* ASSIGNMENT
Leave out every picture and set down, exactly, the lines below from the one holding "modrá, čierna a" up to and including the one holding "따라 지원트랙을 구분하고".

### INFORMATION SUPPLIED

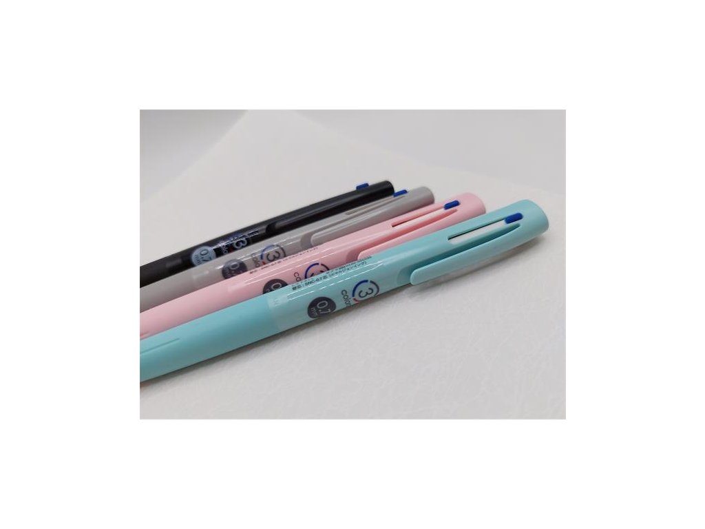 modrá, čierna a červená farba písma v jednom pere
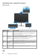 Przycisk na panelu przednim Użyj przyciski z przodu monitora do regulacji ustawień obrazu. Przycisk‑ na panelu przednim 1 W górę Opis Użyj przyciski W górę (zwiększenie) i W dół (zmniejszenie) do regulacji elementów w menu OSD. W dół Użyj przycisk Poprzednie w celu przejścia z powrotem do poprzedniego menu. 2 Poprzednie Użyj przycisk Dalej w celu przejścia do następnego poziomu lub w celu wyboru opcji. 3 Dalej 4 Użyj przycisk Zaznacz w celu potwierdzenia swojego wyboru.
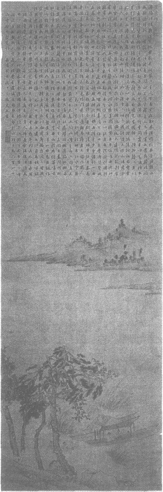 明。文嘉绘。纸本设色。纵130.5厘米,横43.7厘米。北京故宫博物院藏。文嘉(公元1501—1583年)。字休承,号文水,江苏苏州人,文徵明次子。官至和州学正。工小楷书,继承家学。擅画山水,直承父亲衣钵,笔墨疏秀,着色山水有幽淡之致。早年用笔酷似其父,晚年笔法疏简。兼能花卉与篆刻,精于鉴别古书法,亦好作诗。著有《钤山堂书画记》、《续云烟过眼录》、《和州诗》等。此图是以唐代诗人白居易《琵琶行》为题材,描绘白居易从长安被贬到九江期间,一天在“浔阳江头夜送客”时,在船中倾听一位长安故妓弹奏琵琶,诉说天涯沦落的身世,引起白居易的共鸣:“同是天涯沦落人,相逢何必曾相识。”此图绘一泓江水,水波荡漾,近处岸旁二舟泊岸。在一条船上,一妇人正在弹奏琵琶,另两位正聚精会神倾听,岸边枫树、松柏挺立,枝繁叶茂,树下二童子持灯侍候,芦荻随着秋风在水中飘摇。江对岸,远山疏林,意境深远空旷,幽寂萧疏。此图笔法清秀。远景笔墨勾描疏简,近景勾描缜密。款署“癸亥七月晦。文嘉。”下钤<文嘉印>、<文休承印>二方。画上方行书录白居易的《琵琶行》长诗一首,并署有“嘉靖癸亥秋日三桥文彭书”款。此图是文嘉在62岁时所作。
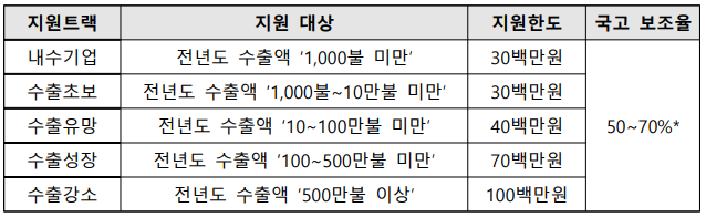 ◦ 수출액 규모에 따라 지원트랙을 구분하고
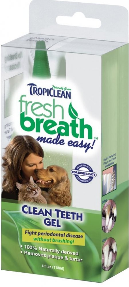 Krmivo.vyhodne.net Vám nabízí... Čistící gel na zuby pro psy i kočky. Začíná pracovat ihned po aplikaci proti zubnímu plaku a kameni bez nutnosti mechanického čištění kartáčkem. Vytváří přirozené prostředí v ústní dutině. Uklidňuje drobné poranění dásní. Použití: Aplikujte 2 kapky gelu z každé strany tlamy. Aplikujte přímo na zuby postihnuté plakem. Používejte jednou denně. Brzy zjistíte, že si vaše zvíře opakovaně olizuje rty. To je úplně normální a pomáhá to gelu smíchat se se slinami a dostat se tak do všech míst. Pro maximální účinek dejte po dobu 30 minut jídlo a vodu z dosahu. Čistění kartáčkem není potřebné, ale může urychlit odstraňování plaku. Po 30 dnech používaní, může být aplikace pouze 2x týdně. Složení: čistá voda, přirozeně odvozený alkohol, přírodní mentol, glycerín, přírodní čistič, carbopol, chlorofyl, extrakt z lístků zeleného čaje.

######
### INFORMATION SUPPLIED

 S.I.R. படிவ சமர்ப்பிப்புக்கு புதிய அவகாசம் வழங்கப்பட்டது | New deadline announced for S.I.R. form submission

######

* RESULT OF THE EXERCISE
 modrá, čierna a červená farba písma v jednom pere
 Przycisk na panelu przednim Użyj przyciski z przodu monitora do regulacji ustawień obrazu. Przycisk‑ na panelu przednim 1 W górę Opis Użyj przyciski W górę (zwiększenie) i W dół (zmniejszenie) do regulacji elementów w menu OSD. W dół Użyj przycisk Poprzednie w celu przejścia z powrotem do poprzedniego menu. 2 Poprzednie Użyj przycisk Dalej w celu przejścia do następnego poziomu lub w celu wyboru opcji. 3 Dalej 4 Użyj przycisk Zaznacz w celu potwierdzenia swojego wyboru.
 明。文嘉绘。纸本设色。纵130.5厘米,横43.7厘米。北京故宫博物院藏。文嘉(公元1501—1583年)。字休承,号文水,江苏苏州人,文徵明次子。官至和州学正。工小楷书,继承家学。擅画山水,直承父亲衣钵,笔墨疏秀,着色山水有幽淡之致。早年用笔酷似其父,晚年笔法疏简。兼能花卉与篆刻,精于鉴别古书法,亦好作诗。著有《钤山堂书画记》、《续云烟过眼录》、《和州诗》等。此图是以唐代诗人白居易《琵琶行》为题材,描绘白居易从长安被贬到九江期间,一天在“浔阳江头夜送客”时,在船中倾听一位长安故妓弹奏琵琶,诉说天涯沦落的身世,引起白居易的共鸣:“同是天涯沦落人,相逢何必曾相识。”此图绘一泓江水,水波荡漾,近处岸旁二舟泊岸。在一条船上,一妇人正在弹奏琵琶,另两位正聚精会神倾听,岸边枫树、松柏挺立,枝繁叶茂,树下二童子持灯侍候,芦荻随着秋风在水中飘摇。江对岸,远山疏林,意境深远空旷,幽寂萧疏。此图笔法清秀。远景笔墨勾描疏简,近景勾描缜密。款署“癸亥七月晦。文嘉。”下钤<文嘉印>、<文休承印>二方。画上方行书录白居易的《琵琶行》长诗一首,并署有“嘉靖癸亥秋日三桥文彭书”款。此图是文嘉在62岁时所作。
 ◦ 수출액 규모에 따라 지원트랙을 구분하고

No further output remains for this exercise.